C Sinzger1, K Schmidt1, J Knapp1, M Kahl1, R Beck1, J Waldman2, H Hebart1, H Einsele1, G Jahn1.   

Abstract

Following extensive propagation in fibroblasts, human cytomegalovirus (HCMV) loses tropism for a number of otherwise natural host cells, in particular, endothelial cells. In this study, the hypothesis was tested that loss of endothelial tropism is associated with the appearance of genomic variants. Initial quantitative focus expansion assays on endothelial monolayers demonstrated that, while the laboratory strains AD169 and Towne failed to form detectable foci, 29 out of 30 recent clinical HCMV isolates had the potential to expand in endothelial cell culture. By long-term adaptation in fibroblast cultures, nonendotheliotropic strains could be selected from clinical HCMV isolates, while long-term endothelial-adapted strains of the same isolates retained both fibroblast tropism and endothelial tropism.

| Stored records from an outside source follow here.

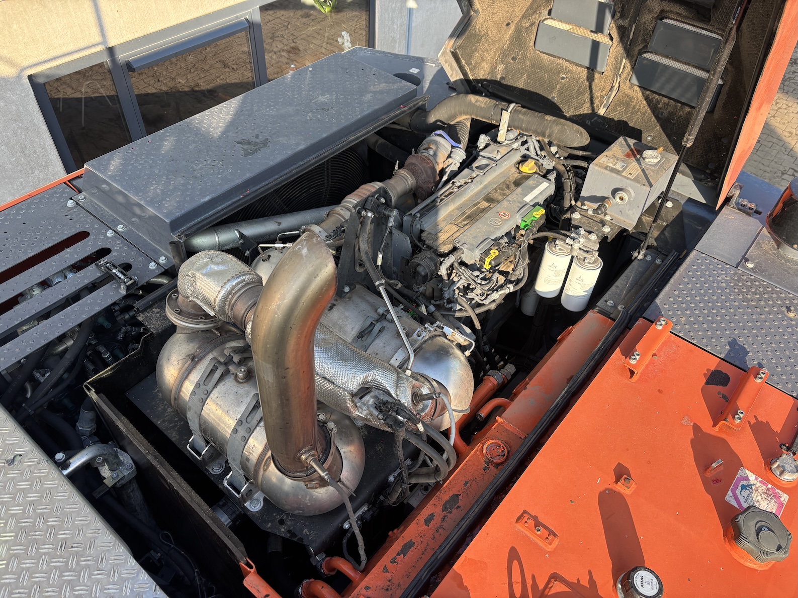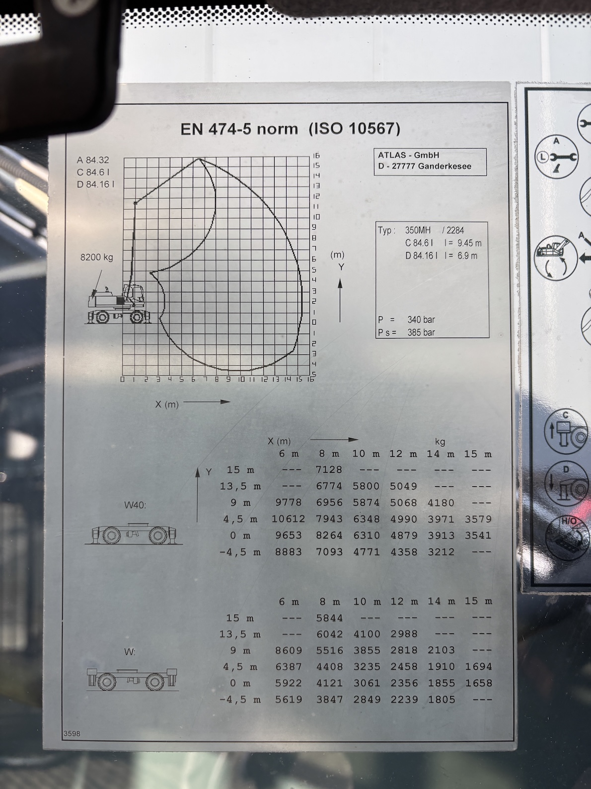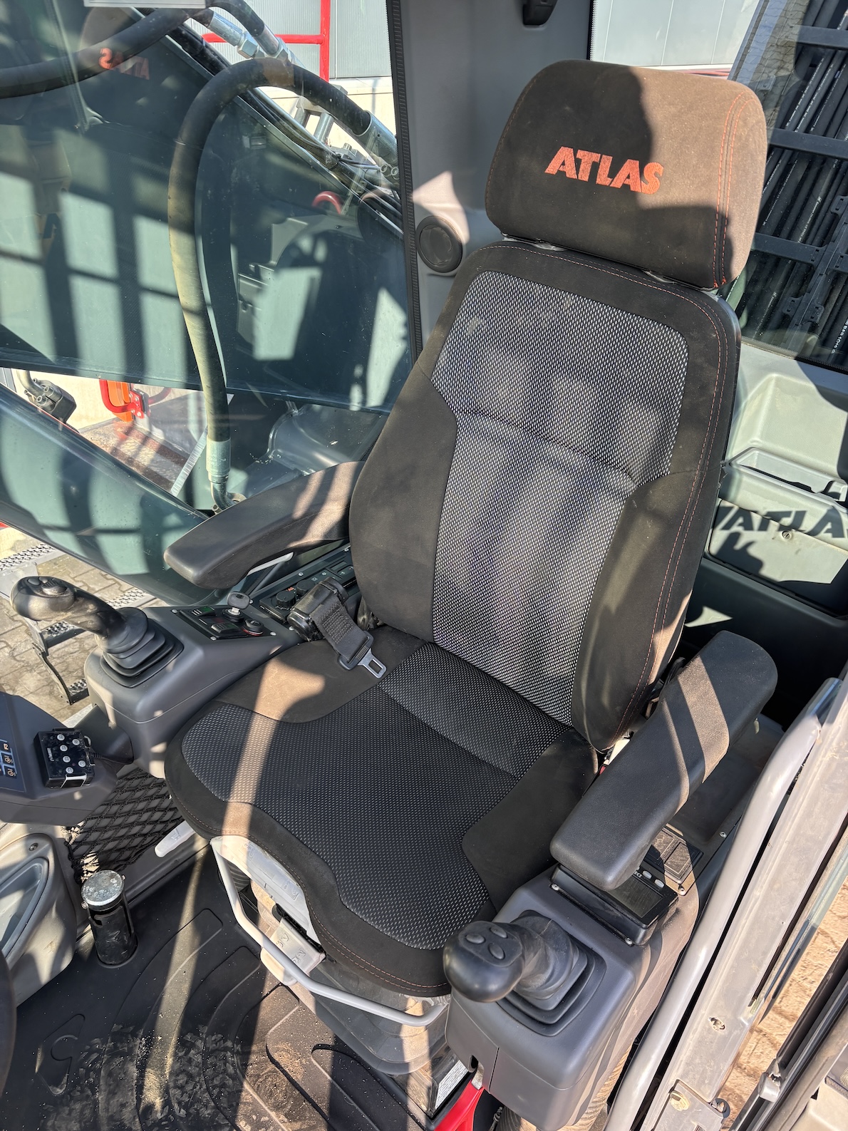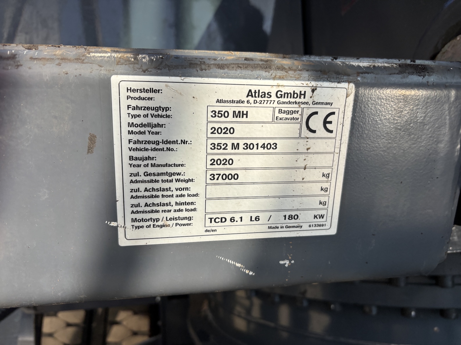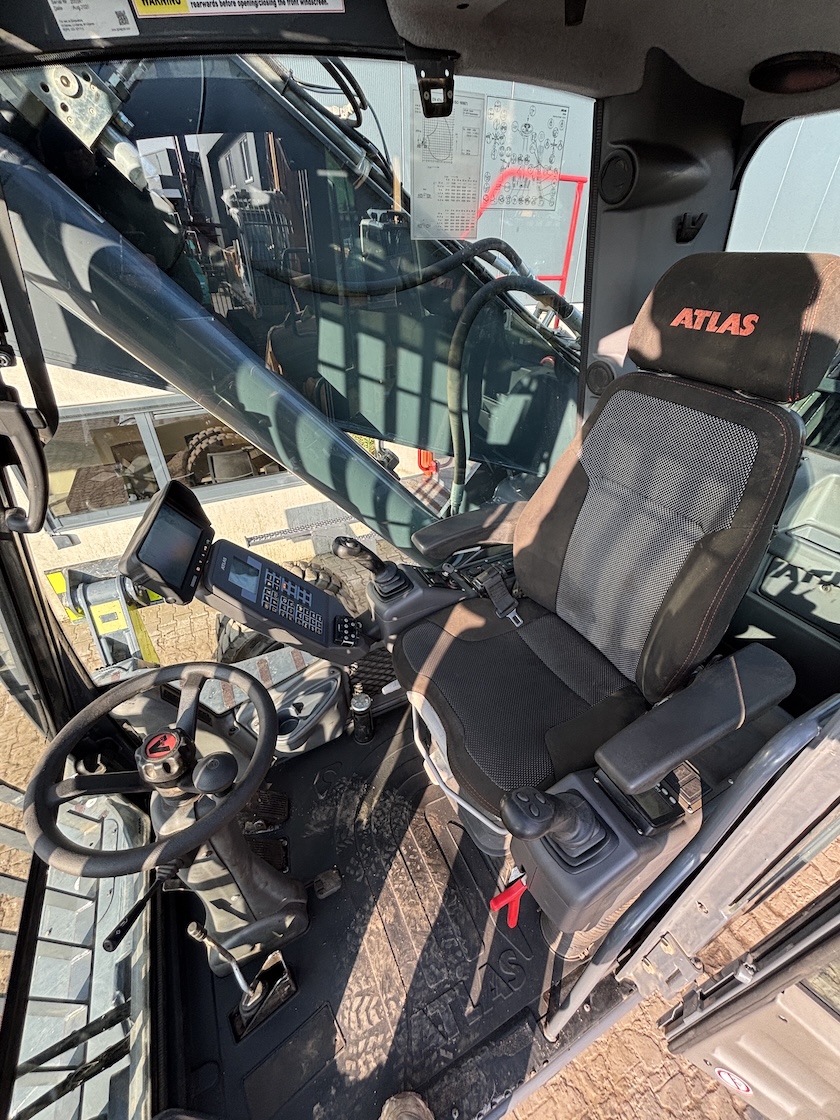 This Atlas 350MH is equipped with a 6 cilinder water cooled turbo charged Deutz TCD6.1 L6 (180kW) diesel engine with 8865 working hours (of which just 5413 hydraulic working hours). Boom is 9.45 meters with stick 6.9 meters, resulting in 16 meter reach. Central lubrication, cabin protection, additional work lights, excellent full rubber tires, rear view camera (currently faded), airco, radio etc.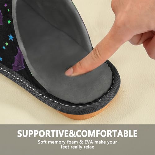 ODAWA Neon Bats Purple Green House Slippers for Woman Men, Winter House Slippers with Memory Foam Anti-Skid Sole Size 4-5 7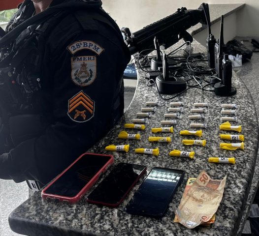 A PM informou que no cômodo os agentes encontraram quatro rádios transmissores, quatro baterias, 28 pinos de cocaína e uma réplica da arma. Questionados, o rapaz mais velho afirmou que o material era de sua propriedade.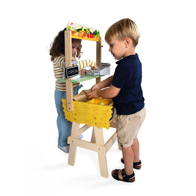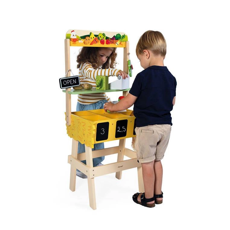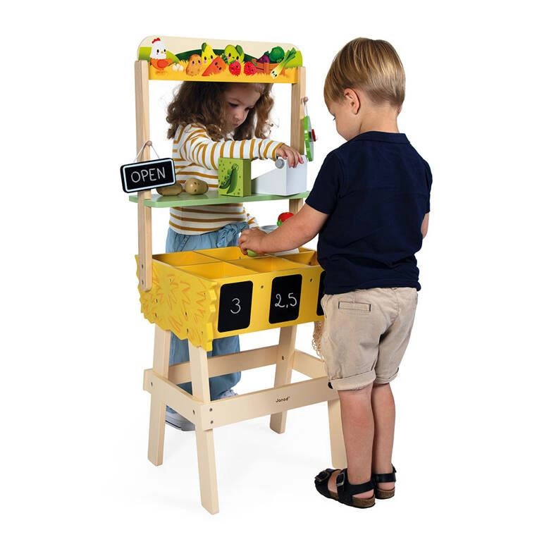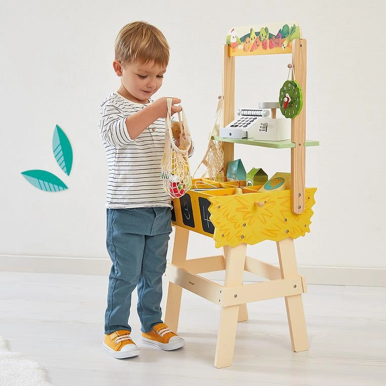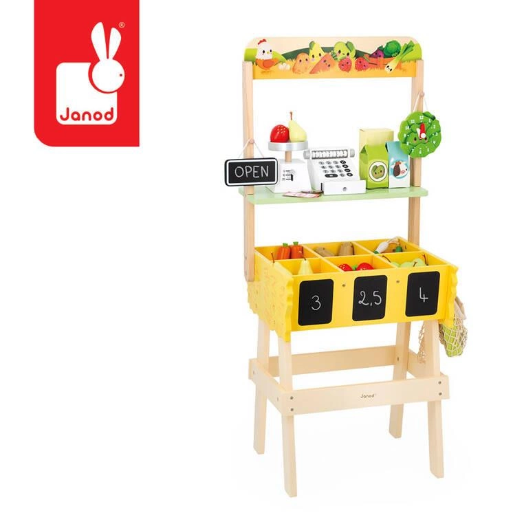 Sporych rozmiarów, drewniany, w pełni wyposażony sklep-warzywniak z kolekcji Farma francuskiej marki JANOD to idealny prezent dla każdego dziecka, które lubi bawić się w zakupy i naśladowanie dorosłych. Zabawka wspomaga rozwój na wielu płaszczyznach: ćwiczy zdolności manualne, uczy cierpliwości oraz koncentracji, wspiera wyobraźnię i umiejętności społeczne. Ponadto dzięki miejscom na segregowane produktów maluch przyswaja sobie również umiejętność porządkowania rzeczy.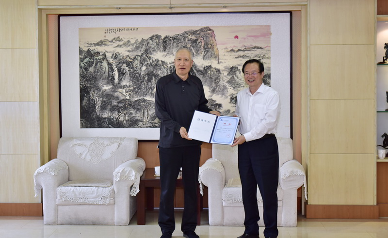 校党委书记罗公利、副书记尹华会见了田力普一行。罗公利代表学校为田力普、张跃进颁发了兼职教授聘书,并与田力普一行进行了座谈交流。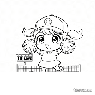 Chibi Tennis Fan Cheering with Pom-Poms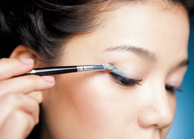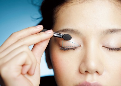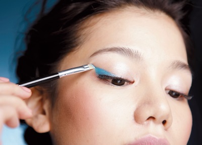 眼線刷沾藍色眼影霜由眼中央往後畫出一個小三角型,定出範圍也為後續眼影打底。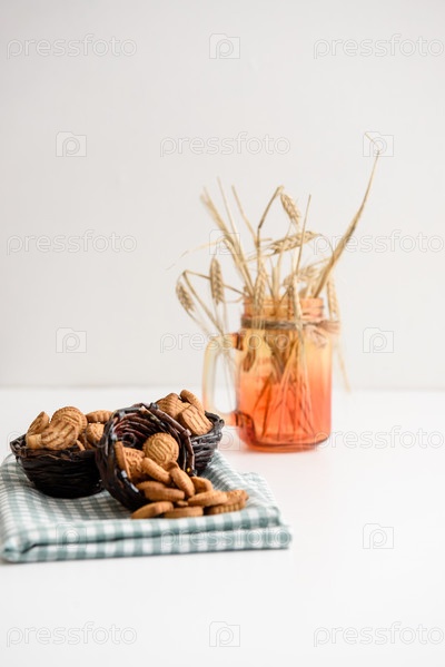 Маленькое крекерное печенье в корзине на льняной салфетке на белом фоне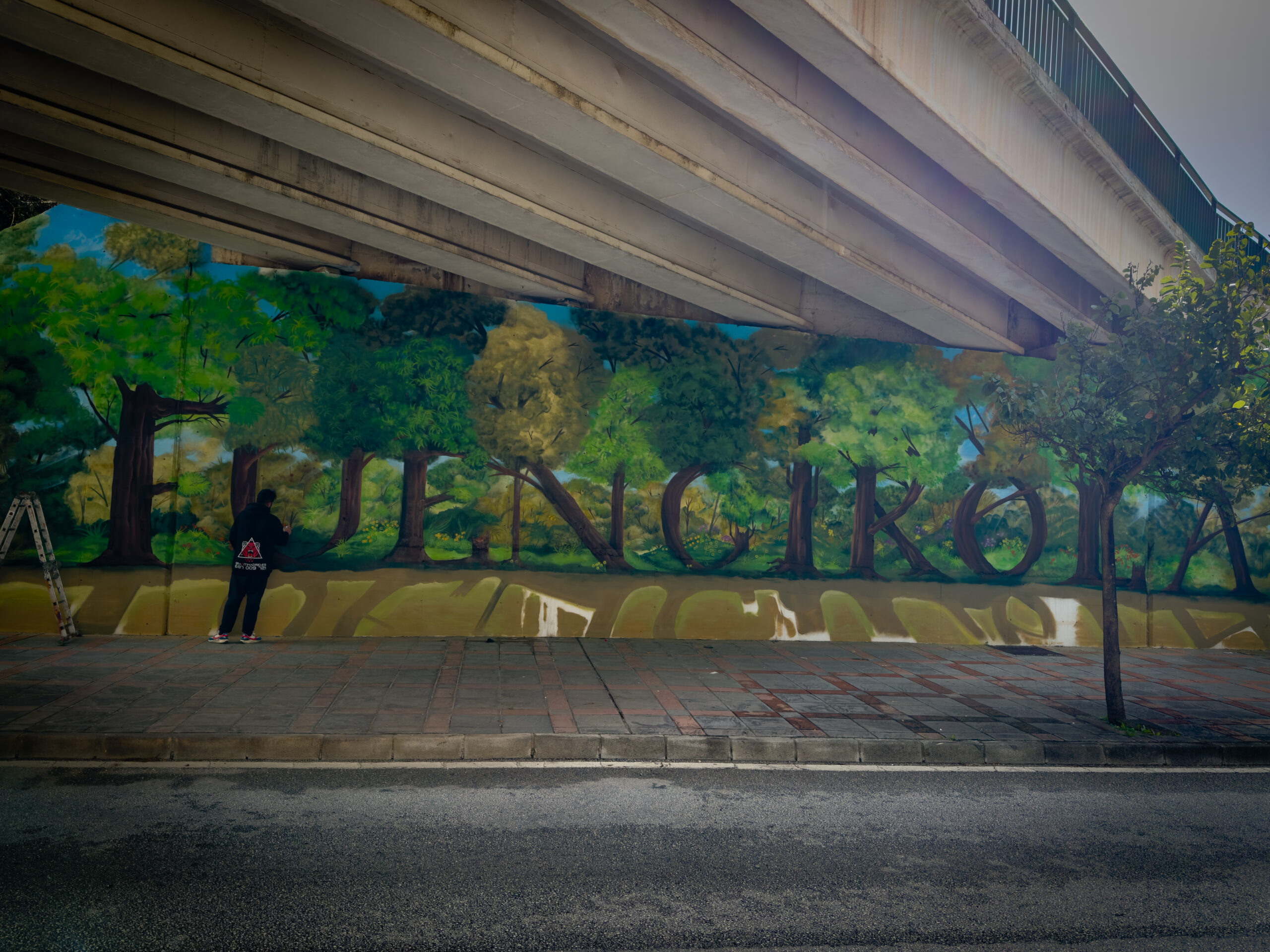 Por eso el remedio es que es, aparque y me acerque a hablar con el, se llama José, aunque es conocido como ‘Rol’. Una persona muy amable con el que hable un rato, y ya si, cruce la carretera para tener completo el cartel. Así podemos situar al artista junto a su obra, ahora si. Gracias Rol.

Such differentially adapted isolate pairs always displayed genomic differences in restriction fragment length analyses. Coinfection of endothelial cells by two nonendotheliotropic HCMV strains yielded an endotheliotropic recombinant HCMV variant combining portions of the genomes of both parental viruses. When DNA purified from various isolates was transfected into fibroblasts, progeny virus retained the specific tropism of parental virus from which the DNA was isolated. These findings demonstrate that endothelial tropism is an inherent property of most clinical HCMV isolates and is determined by the viral genome. Although the specific determinants of HCMV cell tropism are still unknown, this study provides the first evidence for a genetic contribution.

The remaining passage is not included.